(CN) – The 8th Circuit revived a potential class action that accuses the makers of a hypertension drug of failing to meet standards set by the Food and Drug Administration.
In the wake of a March 2009 complaint by the FDA against KV Pharmaceutical and its subsidiaries, Ethex and Ther-Rx, for defectively manufacturing the hypertension drug Metoprolol Succinate ER, Rhode Island resident Allen Lefaivre filed suit against the drugmakers for breach of warranty and violations of the Missouri Merchantability Practices Act.
KV moved to dismiss the suit, arguing that Lefaivre’s claims were preempted by federal law, and that government agencies have sole authority to enforce those standards.
A Missouri federal judge agreed, but the St. Louis-based federal appeals panel reversed that decision Thursday.
In its settlement agreement with the FDA, KV admitted to selling “adulterated” drugs, acknowledging that it had not used proper quality control procedures when manufacturing Metoprolol Succinate. KV also agreed to destroy the remaining stock of “adulterated” drugs and issued a recall for all stocks of the medication sold to retailers between May 2008 and February 2009.
The appellate court’s ruling that this recall notice only affected products “at the retail level.”
“A retail-level recall instructs all retailers that had purchased the medication to return all unsold product to KV,” Judge Lavenski Smith wrote for the court. “The consent decree did not require KV to distribute its recall notice to individual purchasers of the medication, and it did not do so.”
The three-judge panel found that Congress did not intend give the FDA exclusive drug-safety oversight.
“In keeping with Congress’ decision not to pre-empt common-law tort suits, it appears that the FDA traditionally regarded state law as a complementary form of drug regulation,” the opinion states. “The FDA has limited resources to monitor the 11,000 drugs on the market, and manufacturers have superior access to information about their drugs, especially in the postmarketing phase as new risks emerge.

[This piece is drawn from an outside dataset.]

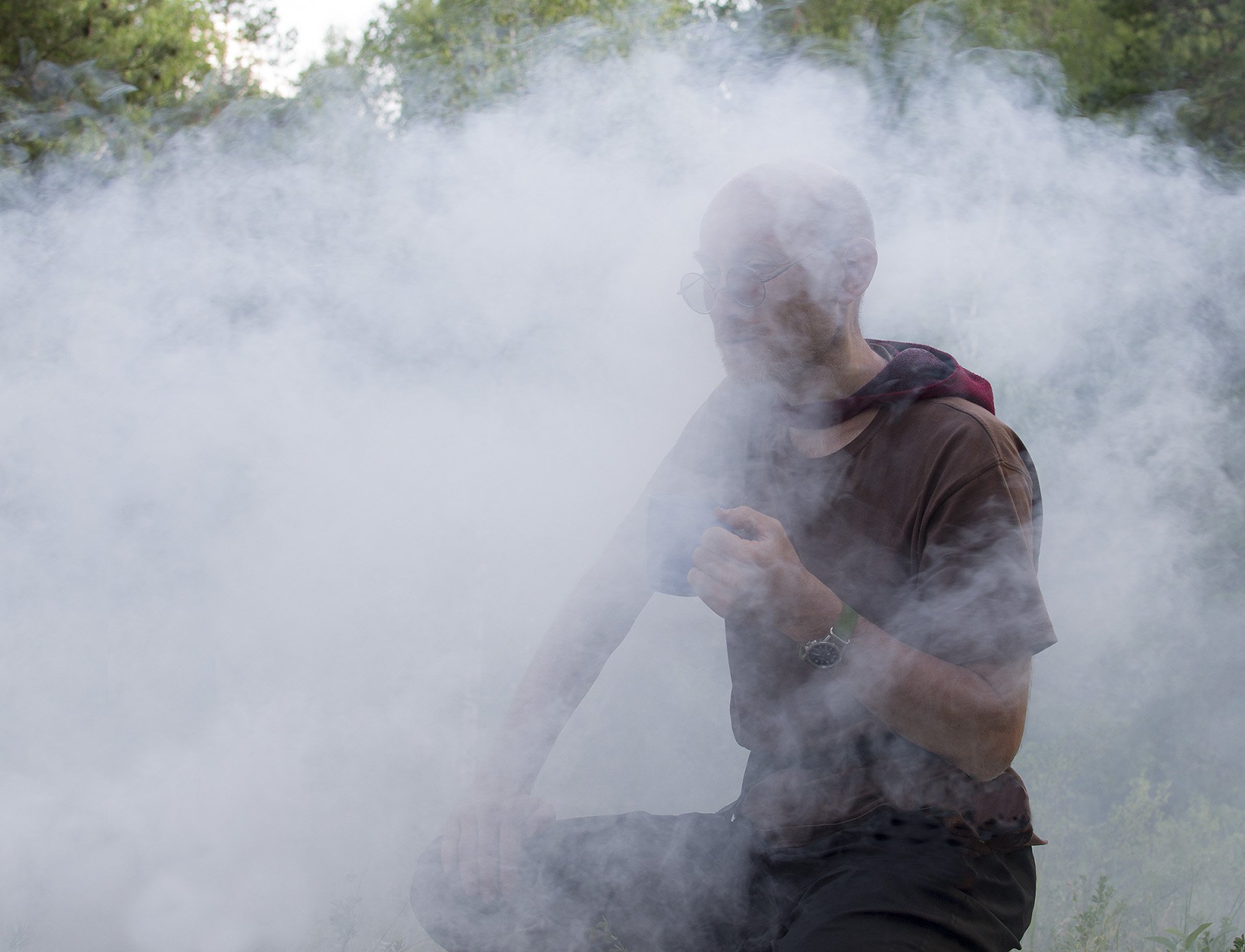 Неспешное чаепитие у дымного костра в лесу, как медитация. Это время только для себя.

Congress adopted the Federal Food, Drug and Cosmetic Act (FDCA) so that state law could complement FDA regulation, Smith wrote.
“State tort suits uncover unknown drug hazards and provide incentives for drug manufacturers to disclose safety risks promptly,” the decision states. “They also serve a distinct compensatory function that may motivate injured persons to come forward with information.
“Failure-to-warn actions, in particular, lend force to the FDCA’s premise that manufacturers, not the FDA, bear primary responsibility for their drug labeling at all times,” Smith continued. “Thus, the FDA long maintained that state law offers an additional, and important, layer of consumer protection that complements FDA regulation.”